What’s the deal with kids these days? With 58 gender categories to choose from, sexual and gender identity are part of the Zeitgeist.

Ask Josh Han, the queer officer with Sydney University’s Student Representative Council. “It’s about deconstructing ­societal views of what it means to be a man or a woman,” he says. “If you only have two genders, there are limited interactions. But if you have a diversity of gender identities you don’t have these closed categories. It means you can have way more than 58 gender categories.”

Among those 58 ­options, f irst listed on Facebook, are bigender, gender questioning, gender variant, pangender, intersex and 26 versions of trans, transgender and trans­sexual. Plain old male and ­female didn’t make the list.

But don’t think for a moment that Han is part of a fringe movement. At campuses across the country students are campaigning for gender-neutral bathrooms and official records to state chosen, not birth, names.

Kyol Blakeney, the president of Sydney University’s SRC, says these are important issues. “A lot of people who transition have a chosen name that is different to their legal name. If they go to class and their legal name is called out it can be horrifying for them.”

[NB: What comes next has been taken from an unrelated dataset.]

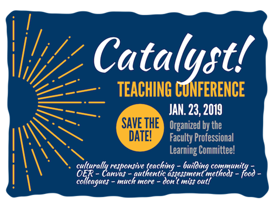Catalyst! Teaching Conference presented by the Faculty Professional Learning Committee at MESA College. Presentations and workshops including culturally responsive teaching, building learning communities, the OER track, CANVAS, authentic assessment methodology, food, colleagues and much more! Don’t miss out!

Ditto on the prosaic business of going to the bathroom. “For a queer person or a trans person to use a male bathroom can be a ­humiliating or dangerous exper­ience because of physical and verbal assault,” says Blakeney.

Signs of gender fluidity are everywhere. Former Kardashian clan patriarch Bruce Jenner transitioned into Caitlyn on the cover of Vanity Fair this month. A Gucci advertising campaign on The Australian’s website features gender-unspecific models. And, as revealed in today’s The Weekend Australian Magazine, children as young as six are telling their parents they no longer identify with their assigned birth gender.

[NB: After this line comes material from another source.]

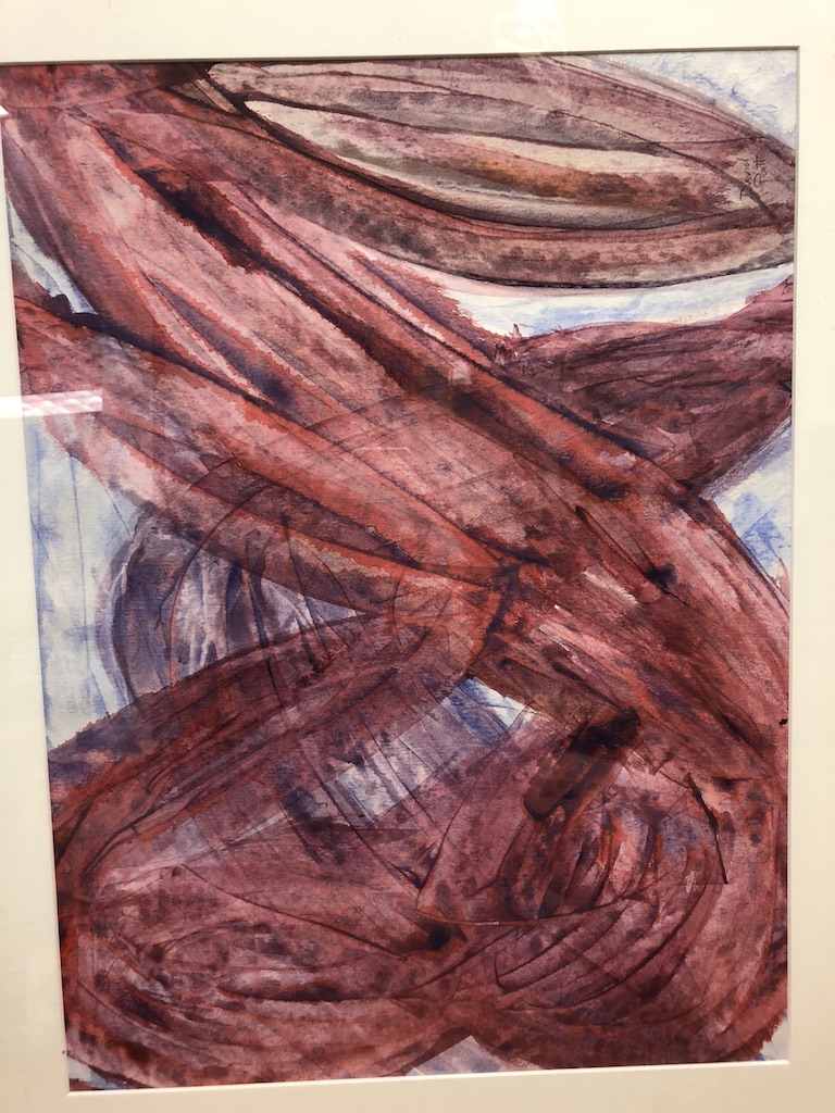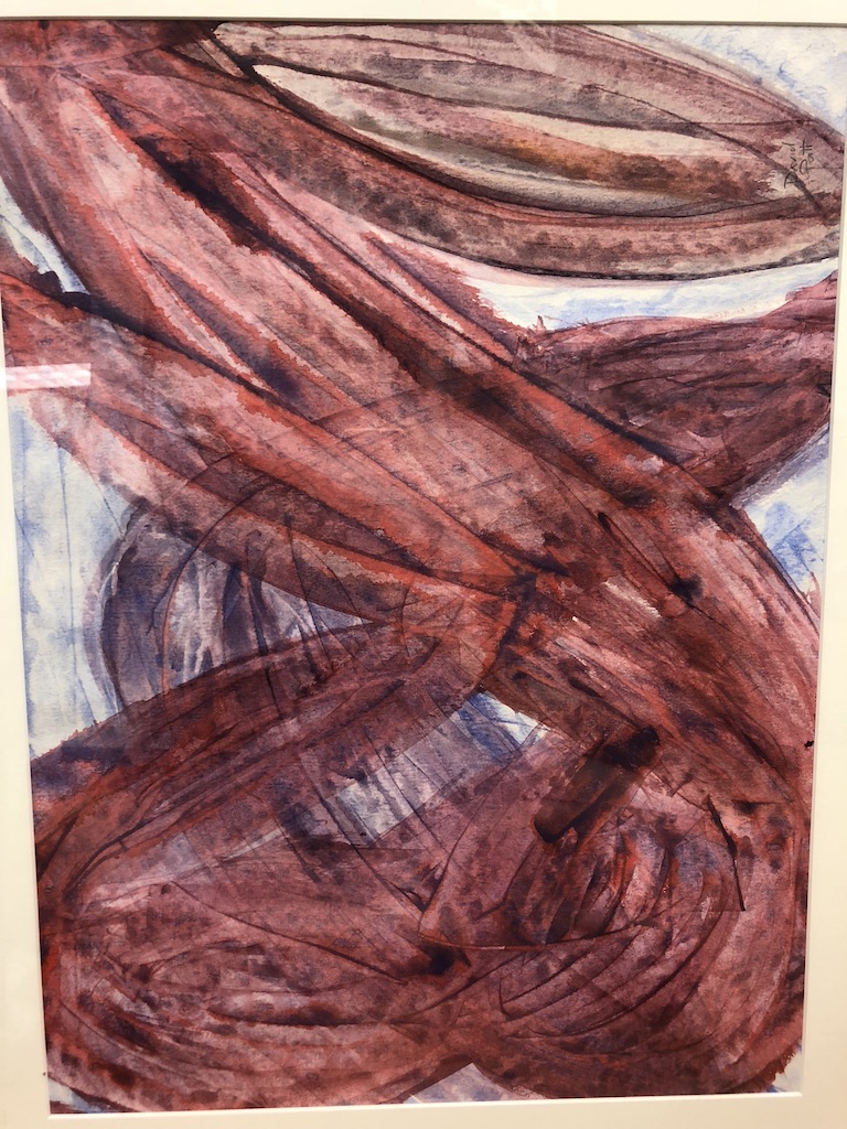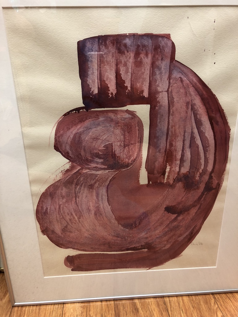 "Recently Ellie hung a sequined-filled watercolor in the hallway gallery

Sarah Maddison, a gender studies expert from the University of Melbourne, argues it’s not a trend. “We’ve seen over the past 40 or 50 years an absolute transformation in how we think about gender and sexuality,” she says.

“Is it that more people are coming out and identifying with ­diverse gender identities because it’s of the moment? I suspect the more likely scenario is that these young people have always been lurking in the shadows.”

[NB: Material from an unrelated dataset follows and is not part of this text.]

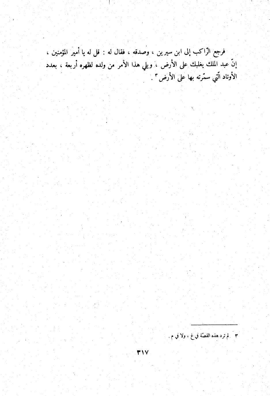 فَرجع الرَّاكِب إِلَى ابْن سِيرِين، وَصدقه، فَقَالَ لَهُ: قل لَهُ يَا أَمِير الْمُؤمنِينَ، إِن عبد الْملك يَغْلِبك على الأَرْض، ويلي هَذَا الْأَمر من وَلَده لظهره أَرْبَعَة، بِعَدَد الْأَوْتَاد الَّتِي سمرته بهَا على الأَرْض.

Toby Miller, the Sir Walter Murdoch Professor of Cultural Policy Studies at Murdoch University, says one only needs to look to Andy Warhol’s Factory and David Bowie’s Diamond Dogs days to see the current fashion for gender complexity is nothing new.

And there are indigenous cultures in Asia and the Americas “that have several different ways of categorising genders and in-­betweens”.

There is no doubt, however, that social media and reality TV are driving the trend. “Reality TV has been intrinsic to normalising some of these ideas,” Miller says.

And the ubiquitousness of ­social media means anyone who feels different can easily find a tribe to identify with on Facebook. But is it narcissism or hyper-indiv­iduality? Not at all, says Blythe S Worthy, the women’s officer with Sydney University’s SRC. “That is almost saying it’s attention-seeking. That is not the case; it’s an identity issue.”

Karen Brooks, an honorary senior research fellow with the Centre for Critical and Cultural Studies at the University of Queensland, is not so convinced.

“It’s a way of making ourselves more interesting,’’ she says. “Like tattoos and body piercings, the search for individuality is almost the new conformity.”

And you thought my football story didn’t make sense?!